When Norah Stoddard tries out for the high school men's varsity baseball team in 1986, she rocks little Glorious, Wisconsin out of the malaise spawned by the farm crisis. When her alcoholic mother and the latest of Mom's abusive "boyfriends" drive Norah from her home, Bee Cooney and Reb Early, proprietors of Degan's Dinky Diner, take Norah in. "The voice of Glorious," Kenny Kellogg, a cynical radio vagabond, has fallen from the heights, his slide into Glorious slicked by liquor and loneliness. A young woman in town looking for her biological dad, the disgraced ex-editor of the town weekly, and Norah, may just turn his life around along with their own.
Review :
"If you love baseball, rock 'n' roll and small-town diners, you can't do better than Marshall Cook's Glorious. Cook immerses us in a world where deeply-held values encounter a rapidly changing world. The result is a joy to read." --Craig Werner, Professor of Afro-American Studies, University of Wisconsin-Madison and author of A Change is Gonna Come: Music and Race and the Soul of America, We Gotta Get Outta This Place: The Soundtrack of the Vietnam War (with Doug Bradley), and others books.

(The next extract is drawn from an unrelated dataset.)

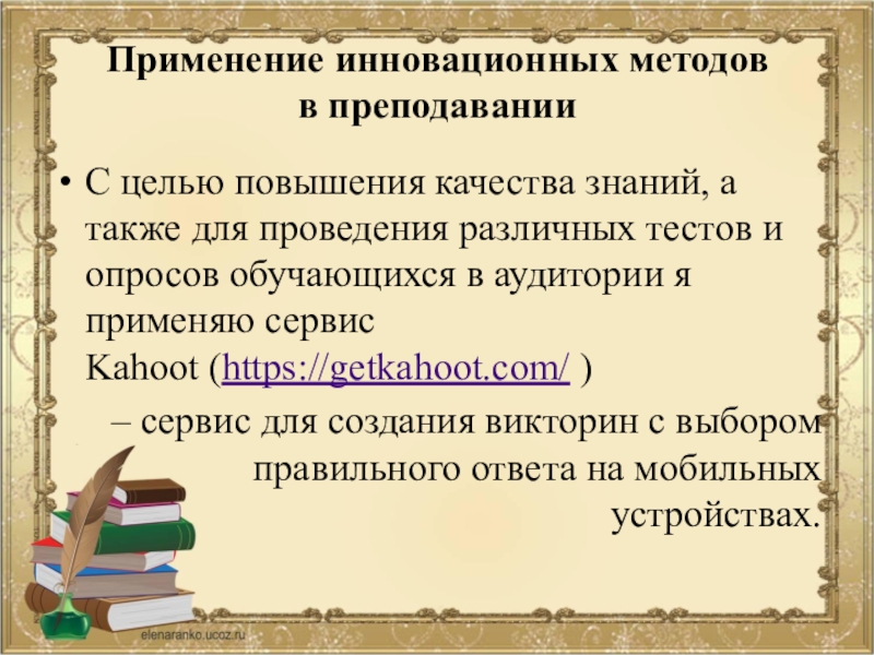 Это сайт презентаций, где можно хранить и обмениваться своими презентациями, докладами, проектами, шаблонами в формате PowerPoint с другими пользователями. Мы помогаем школьникам, студентам, учителям, преподавателям хранить и обмениваться учебными материалами.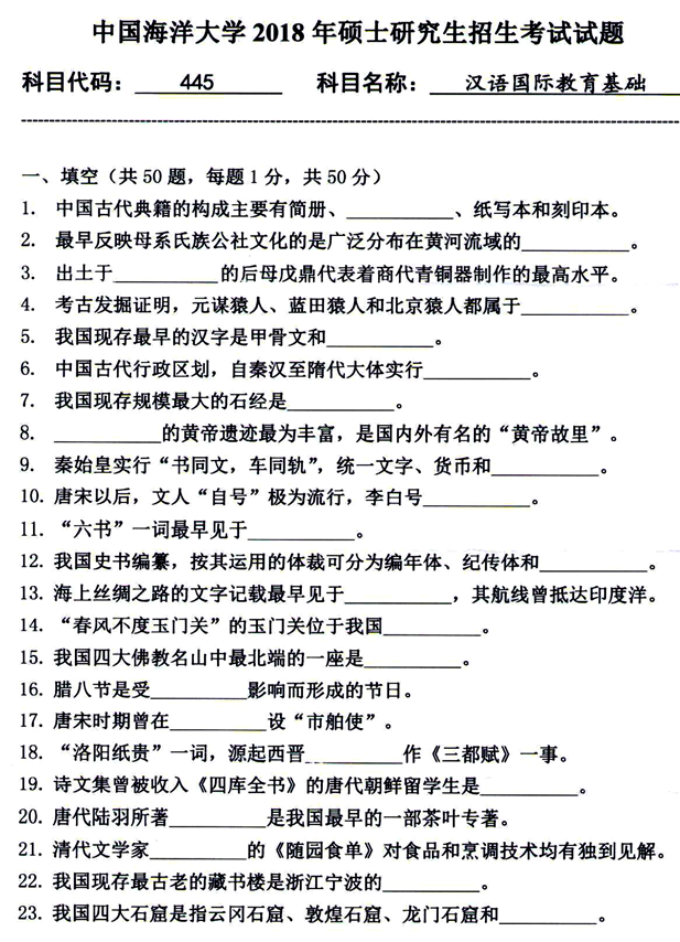 1. 中国海洋大学文学与新闻传播学院《445汉语国际教育基础》历年考研真题汇总

"Marshall Cook aptly captures the essence of small-town Americana, creating an array of wonderful people with problems and dreams that are relatable in today's world. A highly recommended escape from our hurly-burly world." --Christine DeSmet, faculty associate in writing and director of the Write-by-the-Lake Writer's Workshop & Retreat at UW-Madison, award-winning screenwriter, and author of Fudge Shop mystery series and Mischief in Moonstone mystery series.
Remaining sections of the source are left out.